Activity> Transcribe exactly the lines from the one containing "In the above-mentioned" through the end of the entries, including both the first and the last, and nothing else.

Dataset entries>

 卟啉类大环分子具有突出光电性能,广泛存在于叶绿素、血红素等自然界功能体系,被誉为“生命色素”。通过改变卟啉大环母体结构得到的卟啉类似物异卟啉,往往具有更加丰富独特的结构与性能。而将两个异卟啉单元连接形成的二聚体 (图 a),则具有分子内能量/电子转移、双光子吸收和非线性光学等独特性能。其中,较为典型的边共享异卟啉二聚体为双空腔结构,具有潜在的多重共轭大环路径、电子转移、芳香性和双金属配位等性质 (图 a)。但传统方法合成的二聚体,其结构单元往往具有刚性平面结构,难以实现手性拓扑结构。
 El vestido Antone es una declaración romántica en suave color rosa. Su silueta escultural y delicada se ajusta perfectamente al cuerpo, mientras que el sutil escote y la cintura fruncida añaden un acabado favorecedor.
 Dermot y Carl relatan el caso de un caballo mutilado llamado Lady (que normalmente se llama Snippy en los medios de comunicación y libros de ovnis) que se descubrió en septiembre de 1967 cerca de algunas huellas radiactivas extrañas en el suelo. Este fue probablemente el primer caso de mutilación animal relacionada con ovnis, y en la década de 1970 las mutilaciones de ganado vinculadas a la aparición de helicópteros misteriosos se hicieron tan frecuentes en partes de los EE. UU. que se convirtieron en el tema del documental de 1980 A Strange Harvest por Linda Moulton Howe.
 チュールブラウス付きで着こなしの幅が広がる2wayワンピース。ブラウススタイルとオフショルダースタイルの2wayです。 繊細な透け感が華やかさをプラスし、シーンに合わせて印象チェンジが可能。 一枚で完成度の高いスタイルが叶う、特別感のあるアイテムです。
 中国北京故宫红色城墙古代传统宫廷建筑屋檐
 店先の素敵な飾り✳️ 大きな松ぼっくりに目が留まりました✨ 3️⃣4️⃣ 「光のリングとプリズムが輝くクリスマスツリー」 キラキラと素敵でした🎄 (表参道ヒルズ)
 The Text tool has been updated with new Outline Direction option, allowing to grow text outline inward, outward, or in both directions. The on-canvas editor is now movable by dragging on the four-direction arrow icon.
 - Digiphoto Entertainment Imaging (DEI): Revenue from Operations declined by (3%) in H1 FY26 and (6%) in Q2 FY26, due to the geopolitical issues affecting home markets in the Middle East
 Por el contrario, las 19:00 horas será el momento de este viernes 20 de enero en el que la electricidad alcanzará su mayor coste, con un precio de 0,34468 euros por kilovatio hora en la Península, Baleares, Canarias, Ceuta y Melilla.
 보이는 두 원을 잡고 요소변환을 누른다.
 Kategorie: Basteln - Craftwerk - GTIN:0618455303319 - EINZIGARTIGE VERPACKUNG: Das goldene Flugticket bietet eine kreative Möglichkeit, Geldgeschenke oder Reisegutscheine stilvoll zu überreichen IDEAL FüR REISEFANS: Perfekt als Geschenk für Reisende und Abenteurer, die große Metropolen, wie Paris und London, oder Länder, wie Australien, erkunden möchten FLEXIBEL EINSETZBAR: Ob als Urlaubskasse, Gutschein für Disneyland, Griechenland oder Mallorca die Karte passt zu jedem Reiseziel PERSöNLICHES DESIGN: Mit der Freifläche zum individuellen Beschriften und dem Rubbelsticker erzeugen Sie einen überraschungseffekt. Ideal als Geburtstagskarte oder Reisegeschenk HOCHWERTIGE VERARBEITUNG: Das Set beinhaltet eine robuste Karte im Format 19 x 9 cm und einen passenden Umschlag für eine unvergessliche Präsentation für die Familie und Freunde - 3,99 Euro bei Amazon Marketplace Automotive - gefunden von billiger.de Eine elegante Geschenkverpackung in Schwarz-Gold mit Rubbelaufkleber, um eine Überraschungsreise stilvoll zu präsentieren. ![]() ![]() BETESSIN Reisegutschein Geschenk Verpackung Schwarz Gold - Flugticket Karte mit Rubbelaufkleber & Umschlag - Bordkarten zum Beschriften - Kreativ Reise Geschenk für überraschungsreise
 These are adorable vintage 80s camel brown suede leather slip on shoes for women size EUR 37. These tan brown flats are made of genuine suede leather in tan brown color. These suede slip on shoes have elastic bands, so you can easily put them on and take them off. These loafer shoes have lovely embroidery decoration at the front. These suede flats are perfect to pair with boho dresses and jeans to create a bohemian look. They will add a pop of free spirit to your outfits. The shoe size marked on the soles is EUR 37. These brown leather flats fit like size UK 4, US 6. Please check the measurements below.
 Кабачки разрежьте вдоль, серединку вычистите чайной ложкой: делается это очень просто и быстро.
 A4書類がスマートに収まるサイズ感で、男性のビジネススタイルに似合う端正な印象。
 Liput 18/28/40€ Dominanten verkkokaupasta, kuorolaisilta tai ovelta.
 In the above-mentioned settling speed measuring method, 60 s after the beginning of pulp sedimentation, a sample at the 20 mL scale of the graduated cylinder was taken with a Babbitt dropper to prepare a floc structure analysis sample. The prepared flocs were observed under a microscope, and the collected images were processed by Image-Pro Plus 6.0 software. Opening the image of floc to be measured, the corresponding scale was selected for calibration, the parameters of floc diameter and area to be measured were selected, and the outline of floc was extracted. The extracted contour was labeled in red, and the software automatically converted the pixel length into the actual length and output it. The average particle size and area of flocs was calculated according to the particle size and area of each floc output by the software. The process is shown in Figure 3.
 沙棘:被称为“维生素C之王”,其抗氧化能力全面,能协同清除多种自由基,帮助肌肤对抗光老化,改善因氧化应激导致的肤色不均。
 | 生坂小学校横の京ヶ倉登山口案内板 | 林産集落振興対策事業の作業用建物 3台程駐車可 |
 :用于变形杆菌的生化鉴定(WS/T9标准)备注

Result below>
 In the above-mentioned settling speed measuring method, 60 s after the beginning of pulp sedimentation, a sample at the 20 mL scale of the graduated cylinder was taken with a Babbitt dropper to prepare a floc structure analysis sample. The prepared flocs were observed under a microscope, and the collected images were processed by Image-Pro Plus 6.0 software. Opening the image of floc to be measured, the corresponding scale was selected for calibration, the parameters of floc diameter and area to be measured were selected, and the outline of floc was extracted. The extracted contour was labeled in red, and the software automatically converted the pixel length into the actual length and output it. The average particle size and area of flocs was calculated according to the particle size and area of each floc output by the software. The process is shown in Figure 3.
 沙棘:被称为“维生素C之王”,其抗氧化能力全面,能协同清除多种自由基,帮助肌肤对抗光老化,改善因氧化应激导致的肤色不均。
 | 生坂小学校横の京ヶ倉登山口案内板 | 林産集落振興対策事業の作業用建物 3台程駐車可 |
 :用于变形杆菌的生化鉴定(WS/T9标准)备注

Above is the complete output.